Please produce a character-exact copy of the listing that follows, omitting all images.

***** Data extract *****

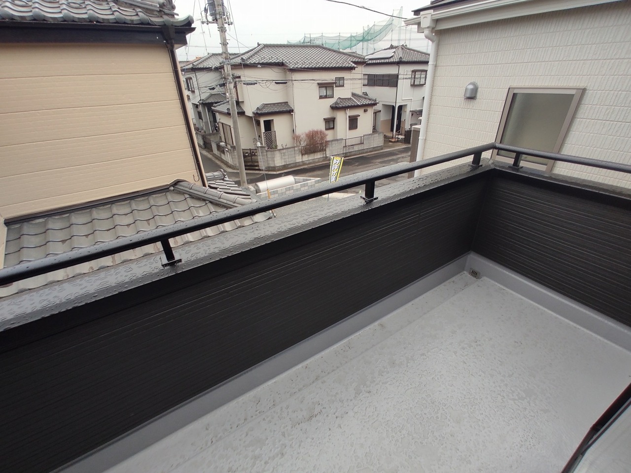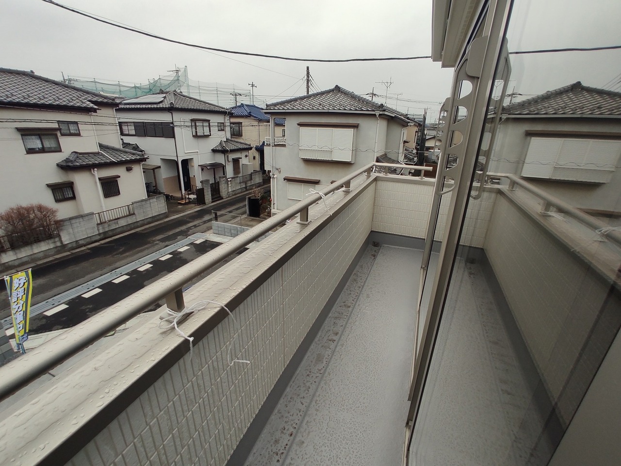 低層住居専用地域ならではのベランダの光景。辺りには高い建物がありません。
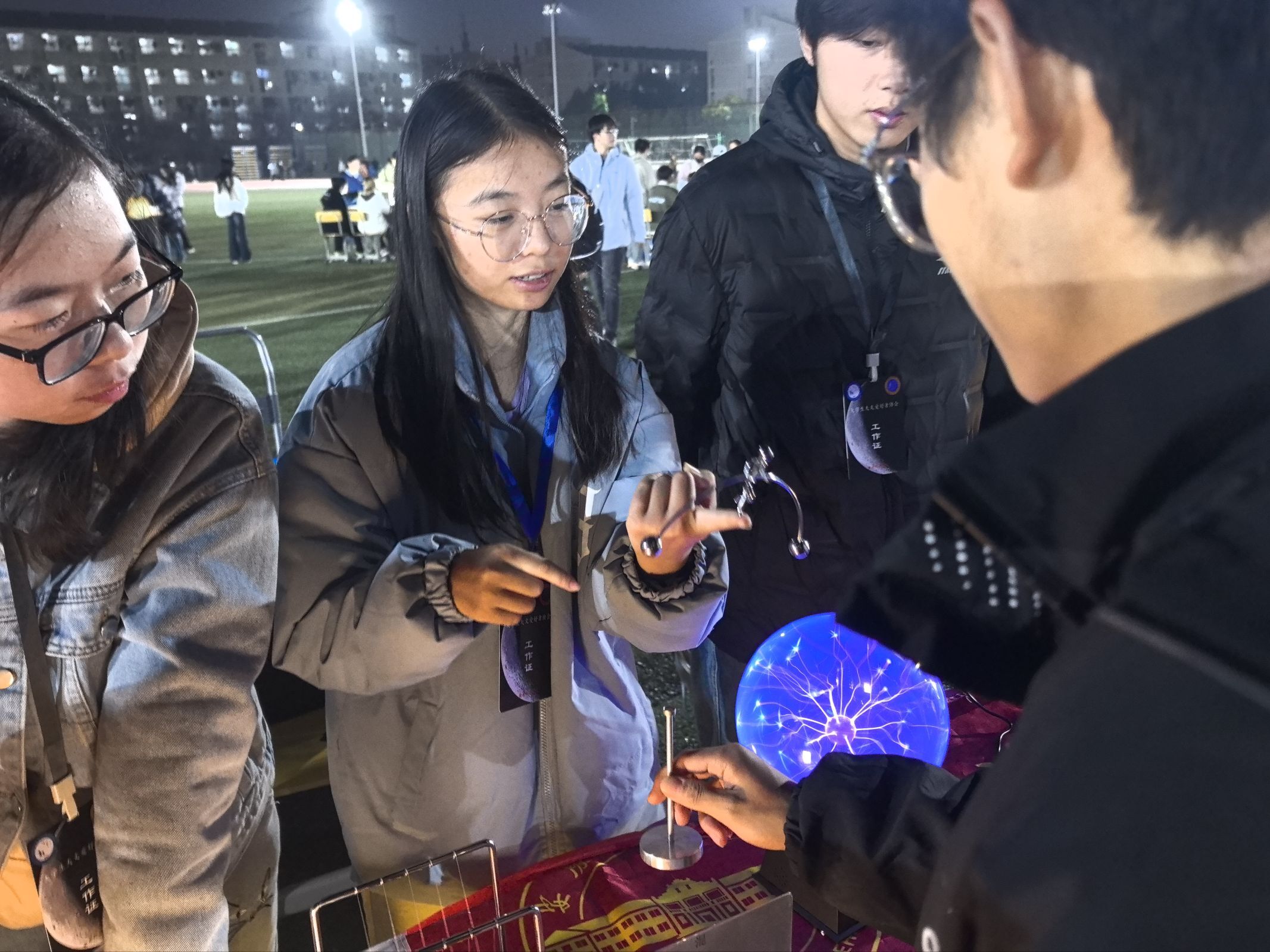 夜幕降临,东门操场灯光微亮,帐篷林立,人流如织。活动在轻松愉快的氛围中拉开帷幕。各协会摊位前围满了好奇的同学,天文望远镜前排队观测的师生络绎不绝。磁悬浮列车、等离子脉冲炮、混沌摆、太阳系模型等趣味实验装置,将抽象的物理知识转化为直观有趣的互动体验,让参与者在动手实践中感受科学的魅力。
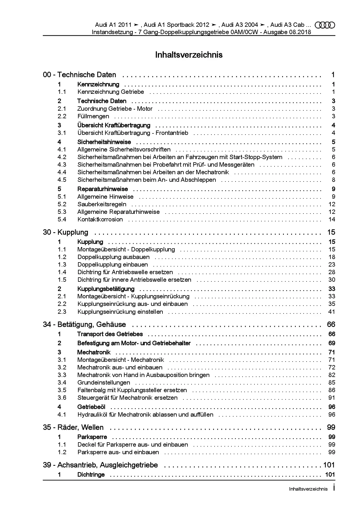 Diese Reparaturanleitung enthält detaillierte Beschreibungen zu Aus- und Einbauarbeiten, Einstell- und Prüfarbeiten sowie zahlreiche Grafiken, Bilder und Explosionszeichnungen. Die Kunststoffringbindung ermöglicht ein problemloses Umschlagen bis zu 180°.

*****

Problem solution —
 低層住居専用地域ならではのベランダの光景。辺りには高い建物がありません。
 夜幕降临,东门操场灯光微亮,帐篷林立,人流如织。活动在轻松愉快的氛围中拉开帷幕。各协会摊位前围满了好奇的同学,天文望远镜前排队观测的师生络绎不绝。磁悬浮列车、等离子脉冲炮、混沌摆、太阳系模型等趣味实验装置,将抽象的物理知识转化为直观有趣的互动体验,让参与者在动手实践中感受科学的魅力。
 Diese Reparaturanleitung enthält detaillierte Beschreibungen zu Aus- und Einbauarbeiten, Einstell- und Prüfarbeiten sowie zahlreiche Grafiken, Bilder und Explosionszeichnungen. Die Kunststoffringbindung ermöglicht ein problemloses Umschlagen bis zu 180°.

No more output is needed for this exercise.